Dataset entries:
- Opening Delimiter -

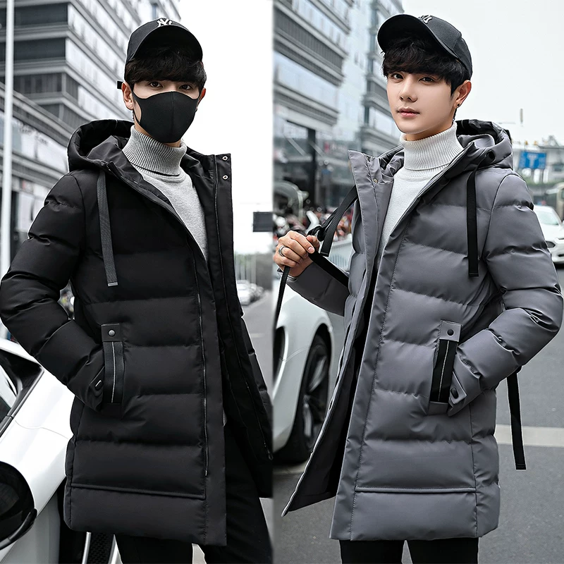 Cle clear Semir dài cotton Jacket Nam mùa đông xu hướng Hàn Quốc có mũ trùm đầu Áo khoác đen Thanh niên ấm áp nam giới ba màu - Áo vest cotton
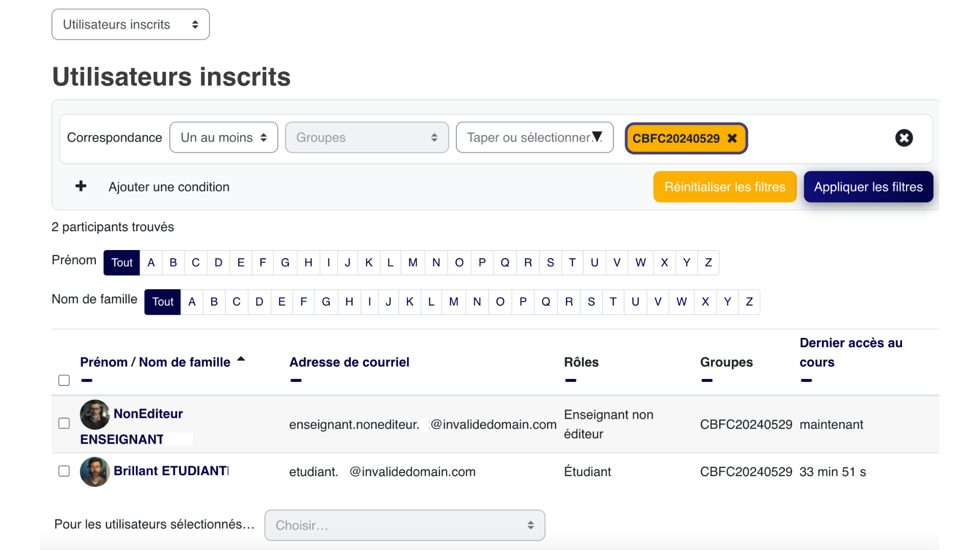 - Vérifier que vos stagiaires soient bien inscrits à ce cours et dans le même groupe que vous: Accès aux participants
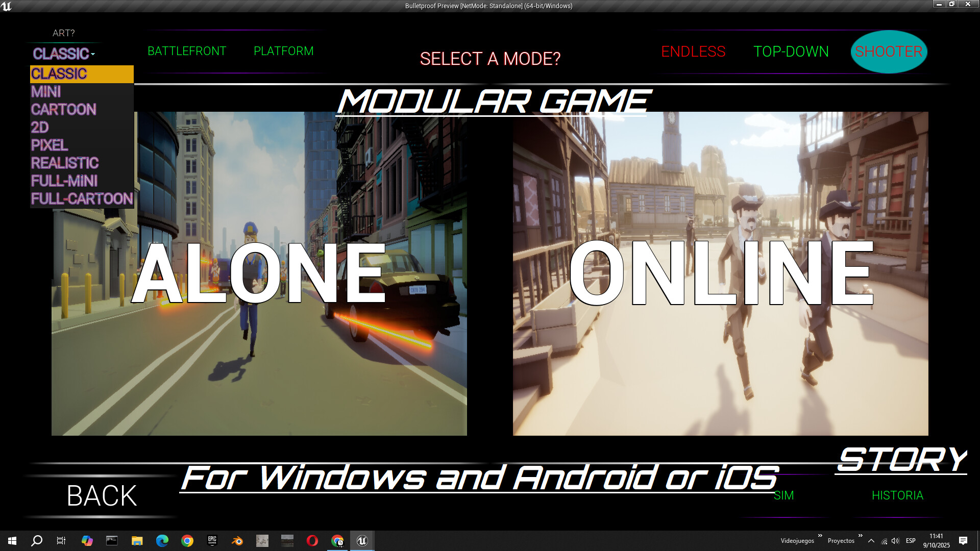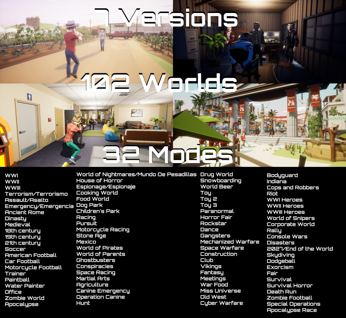 Change the art, change the history, change the rules of the game and let your imagination soar with the 250 Worlds and 50 Modes of Bulletproof... (Shooter, RTS, MMORPG, Arcade, Martial arts, Sports, Horror, Racing, War... There is no limit to fun)
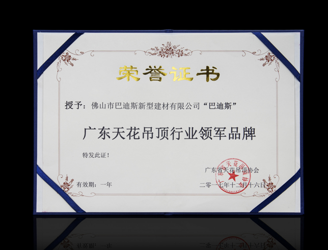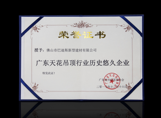 巴迪斯憑借優異的市場表現和行業影響力,榮獲:“廣東天花吊頂行業領軍品牌”、“廣東天花吊頂行業歷史悠久企業”,
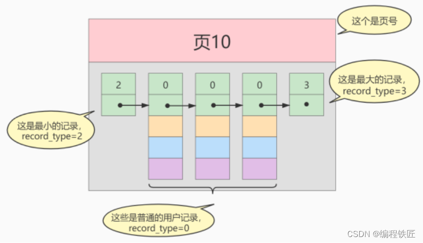 record_type:表示记录的类型, 0是普通记录、 2是最小记录、 3 是最大记录、1是B+树非叶子节点记录。 -

- Closing Delimiter -

### Activity
Each record, word for word, should be printed again without its pictures.

### Task answer
 Cle clear Semir dài cotton Jacket Nam mùa đông xu hướng Hàn Quốc có mũ trùm đầu Áo khoác đen Thanh niên ấm áp nam giới ba màu - Áo vest cotton
 - Vérifier que vos stagiaires soient bien inscrits à ce cours et dans le même groupe que vous: Accès aux participants
 Change the art, change the history, change the rules of the game and let your imagination soar with the 250 Worlds and 50 Modes of Bulletproof... (Shooter, RTS, MMORPG, Arcade, Martial arts, Sports, Horror, Racing, War... There is no limit to fun)
 巴迪斯憑借優異的市場表現和行業影響力,榮獲:“廣東天花吊頂行業領軍品牌”、“廣東天花吊頂行業歷史悠久企業”,
 record_type:表示记录的类型, 0是普通记录、 2是最小记录、 3 是最大记录、1是B+树非叶子节点记录。 -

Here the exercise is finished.